The Centers for Disease Control and Prevention issued a formal recommendation that public gatherings be postponed or canceled for the next eight weeks. For organizations that serve high-risk populations, the threshold is 10 people, though most churches aren’t even doing that. Easter worship (April 12) as we’ve known it is doomed. Early on, many pastors probably presumed that preaching to cameras rather than congregations wasn’t going to encompass a whole season.

Events are moving quickly from bad to worse. No doubt pastors worry that two months of canceled worship services will provide the proverbial straw to break the camel’s back of congregational decline. For years we preachers told our congregations how “coming to church doesn’t make you a Christian” (usually followed by the tread-bare analogy about how being in a garage doesn’t make you a car). We never really meant to be taken seriously. Fewer and fewer adults already report attending church in America. What’s going to happen when this last remnant gets used to spending Sundays at home? Like everything in this anxious moment, it’s too soon to tell.

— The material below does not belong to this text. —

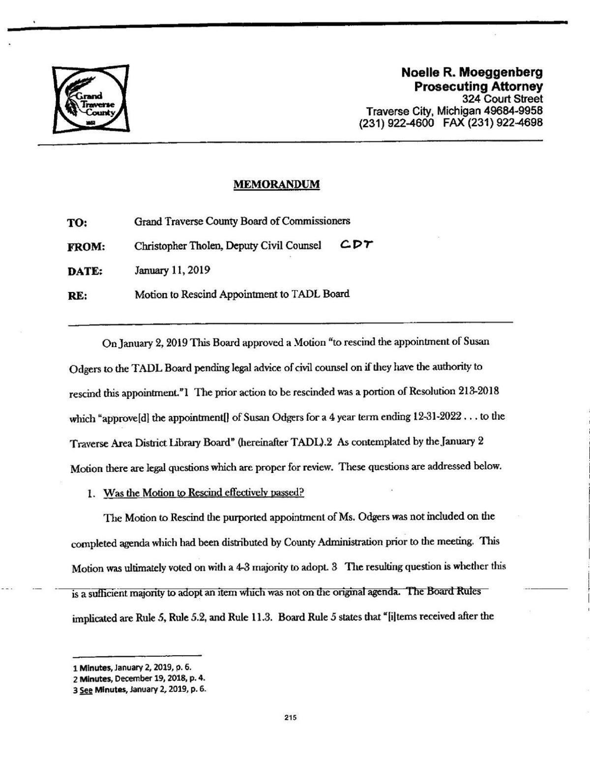 Motion To Rescind Appointment To Tadl Board Legal Opinion Record Eagle Com
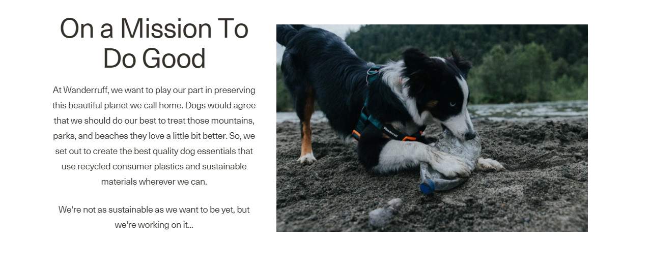 Wanderruff begins with its goal to help preserve the planet, explains why it has that goal and tells you what it’s doing to meet it. Then, it mentions its future objective of becoming more sustainable. When you include your future plans in your brand story, you’ll show that you have an ongoing dedication to helping customers solve their problems.

The first Easter found the most faithful huddled away from their congregations, hiding out with a different fear. Instead of a pandemic, the disciples were afraid of the religious and political authorities who’d crucified Jesus and were likely coming after them too. Perhaps they also feared Jesus. After all, they’d sworn never to deny or disown him, but when everything went south, they’d scrambled and fled, leaving a small group of women to keep the faith afloat. And now Jesus was loose! The disciples’ socially-distant hideout proved a bad barrier. Jesus appeared in their midst (John 20:19–21) to forgive and to bless and, a few weeks hence, to empower with his very Spirit.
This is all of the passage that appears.